Personal information
- Date of birth: 19 July 1894
- Place of birth: Sheffield, England
- Date of death: 16 October 1964 (aged 70)
- Place of death: Sheffield, England
- Height: 5 ft 9 in (1.75 m)
- Position(s): Goalkeeper

Senior career*
- Years: Team / Apps / (Gls)
- Atlas & Norfolk Works
- 1913–1914: Scunthorpe & Lindsey United
- 1914–1924: Sheffield United / 47 / (0)

= Ernest Blackwell =

English footballer

Ernest Blackwell (19 July 1894 – 16 October 1964) was a footballer who played as a goalkeeper, spending the majority of his career at his hometown club of Sheffield United. Born in Sheffield he was the cousin of England keeper Sam Hardy and brother of Aberdeen keeper Harry Blackwell.

==Career==
Blackwell made his name at Scunthorpe & Lindsey United before being signed by Sheffield United in May 1914. He was seen as understudy to Harold Gough and Ted Hufton and as such his appearances were limited throughout his time at Bramall Lane. Having spent some time in the navy as a fitness instructor, he remained at the club for the duration of World War I, making sporadic appearances for the Blades and guesting for Leicester Fosse, Crystal Palace and cross town rivals Sheffield Wednesday.

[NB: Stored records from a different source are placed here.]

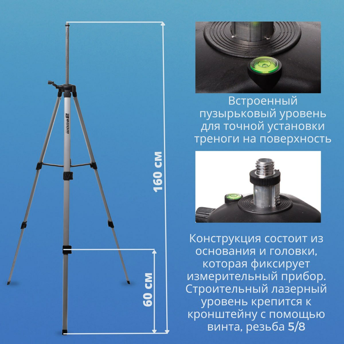 Штатив для лазерного уровня 2м с резьбой 5/8 Boom - тренога (стойка) для нивелира, лазерной рулетки, под легкое строительное оборудование, фотоаппарат, кольцевую лампу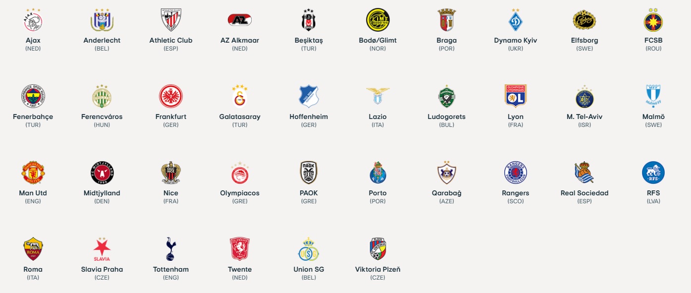 유로파리그 참가팀은 각국 리그 및 컵대회 성적에 따라 결정되며, UEFA 리그 랭킹에 따라 출전권이 배분됩니다.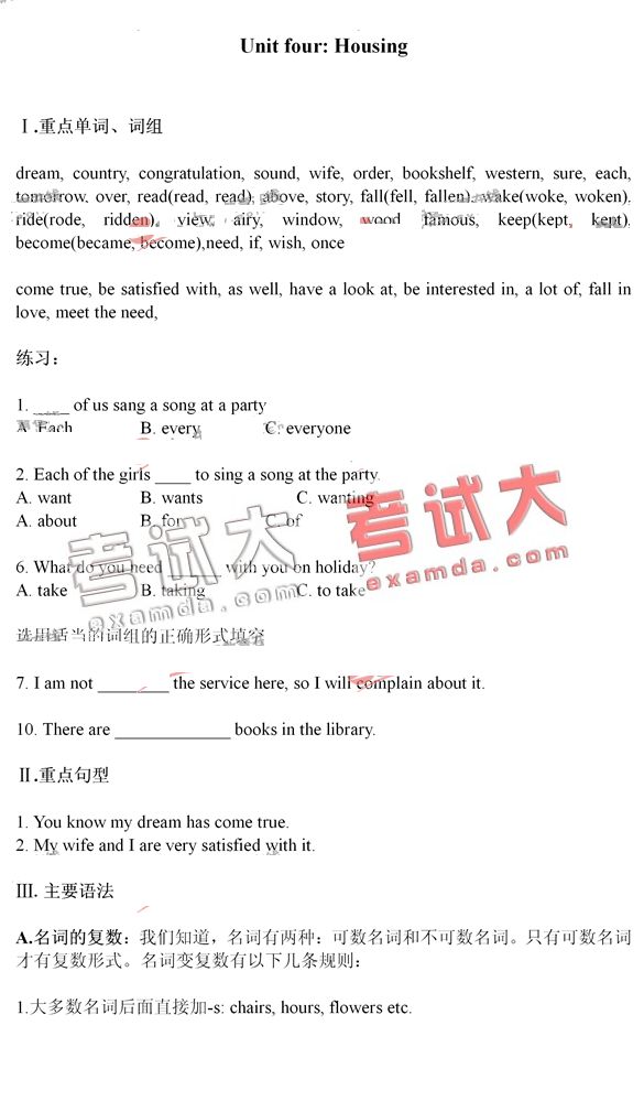 公共英语PETS一级教材同步辅导:Unit4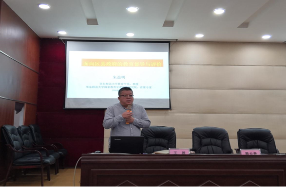 国家教育宏观政策研究院首席专家、华东师范大学博士生导师、朱益明教授应邀做《面向区县政府的教育督导与评价》专题报告。朱教授从落实党中央、国务院优先发展教育事业的高度、系统宏观理论和实践工作相结合的角度回答了当前教育督导要督导什么,怎么督导的问题;进一步明确了当前督导县(区)人民政府履行教育职责的重点,并就如何实施县(区)人民政府教育履职评价、推动县(区)教育改革发展提出了建议。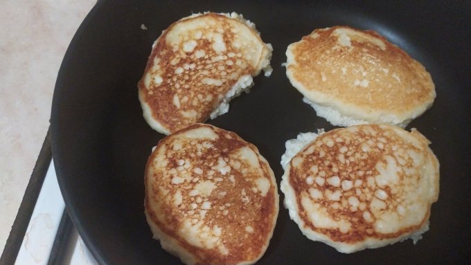 между сырниками и оладиками. Буду есть с малиновым низкокалорийным

After the war, Blackwell seemed happy with his role at the club, making only infrequent appearances, the highlight of his career coming when he played in the 1923 FA Cup semi-final. Injuries began to take their toll and after a bout of appendicitis he was advised that a blow to the abdomen could have terminal results and he was forced to retire. In recognition of his service, United presented him with a grant of £500 to commence a new business venture, a hire purchase warehouse unit in the Spital Hill area of Sheffield as well as becoming the landlord of several semi-detached houses in the Norton area of Sheffield.

==Personal life==
Blackwell was a committed Methodist and a practising lay-preacher meaning he would sometimes miss fixtures played on religious dates. He died, aged 70, in his home town of Sheffield.